Выбрать главу

Маяковский тоже не любит прежнюю Россию, хотя совершенно ее не знает: «Я не твой, снеговая уродина!» И человек нуждается в перезапуске. И, как Горькому, ему интереснее всего именно падшие, последние, отверженные — это им он говорит:

Но меня не осудят, но меня не облают, Как пророку, цветами устелят мне след. Все эти, провалившиеся носами, знают: я — ваш поэт.
Как трактир, мне страшен ваш страшный суд! Меня одного сквозь горящие здания проститутки, как святыню, на руках понесут и покажут богу в свое оправдание.

Собственно, под этими словами и Горький мог бы в свое время подписаться — если бы они не были так оскорбительно-эпатажны, так явно талантливы.

Разница — и полярность — пожалуй, вот в чем (и как-то страшно это формулировать): Маяковский призывает гибель старого мира и готов в эту гибель вместе с ним броситься. А Горький готов приветствовать только такую революцию, которая не уничтожит культуру — главное поле его реализации. Маяковский эту культуру как раз отрицает, и защитникам ее традиционных ценностей — Горькому, Луначарскому — шлет самые пылкие проклятия: именно потому, что они вроде бы единомышленники. Но единомышленники-то всего страшнее: им революция нужна для того, чтобы Горький был ее классиком, а Луначарский — самым репертуарным драматургом.

Это неправильно! И Маяковскому революция нужна вовсе не для того, чтобы быть первым и единственным, — а для того, чтобы утвердилось новое искусство, в котором он, может быть, займет значительное и достойное место. Но если не будет нового искусства — не будет ни новой морали, ни новой антропологии.

Проще всего сказать, что Маяковский борется с эстетическим консерватизмом. Но мишень его серьезнее: он борется с теми, кто хочет половинчатой, ограниченной революции. Такой, чтобы все стало новое, а Максим Горький по-прежнему номер один.

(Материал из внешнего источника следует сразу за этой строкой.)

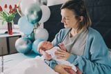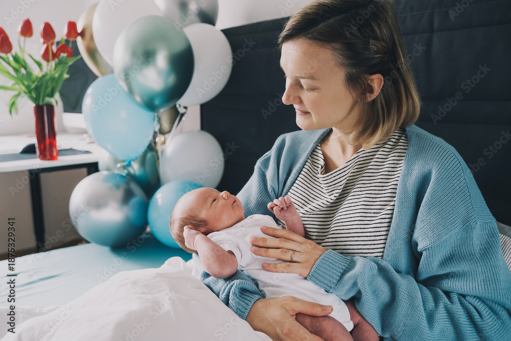 After baby delivery mother and baby at home. Mother holds her newborn in hands. Mom and baby together. Childbirth and motherhood concept. Family celebrates birth of baby boy.

Горький готов объявить мещанами (в заметках 1905 года) и Толстого, и Достоевского. Но бросать их с корабля современности не готов — он вообще никого не хочет бросать оттуда. Для него Маяковский — хулиган. И дружить с Маяковским он готов ровно до тех пор, пока эта дружба помогает самому Горькому удерживаться на гребне волны. Он говорит о футуристах вещи, ни к чему не обязывающие: «В этом что-то есть». Или: «Им надо читать Библию… Библию, да». Всем надо читать Библию, если честно, и почти во всех что-то есть. Горькому надо поддержать новую литературную моду, а то — биографию испортишь. Сам над собой трезво иронизируя, он писал в лучший свой период, в 1923 году: «Я хочу быть похороненным в приличном гробе». Маяковский не боится испортить биографию. «Если не будет коммунизма, — говорит он в 1927 году Юзовскому, — тогда не нужны и поэма, и вы, и я». Горькому нужна такая революция, которая бы не поколебала его пьедестал. Маяковскому такая революция даром не нужна. Он готов на посмертное забвение, на статус «старого, но грозного оружия», призывает переписывать его тексты, и «на бронзы многопудье» ему действительно наплевать, не говоря уж про мраморную слизь.

Маяковский всю жизнь говорит то и только то, что хорошо звучит, и потом хоть трава не расти. Горький всю жизнь говорит то, из чего можно извлечь статус, славу, репутацию — и потому в 1917 году отчаянно ругает большевиков, а в 1928-м, к шестидесятилетию, приезжает в СССР: триумфатором, но и собственностью советской власти.

В 1928 году они с Маяковским не увиделись. Горькому было некогда: то Баку, то Соловки. В разговоре с Сейфуллиной ласково шутил: все время делают кем-то почетным. Был у пионеров — стал почетным пионером. У колхозников — почетным колхозником. Завтра еду в клинику для душевнобольных — видимо, сделают почетным сумасшедшим.

Но ему нравилось, очень нравилось.

С Маяковским все это удалось проделать только посмертно.

ДВЕНАДЦАТЬ ЖЕНЩИН. ЭЛЬЗА

1

Едва ли не единственная, кому он не посвятил вовсе ничего, ни одной поэтической строчки. Но не без ее влияния, видимо, написано «Послушайте». Влияние этой скрытной, мягкой и умной женщины недооценено — все заслонила рыжая эксцентричная сестра.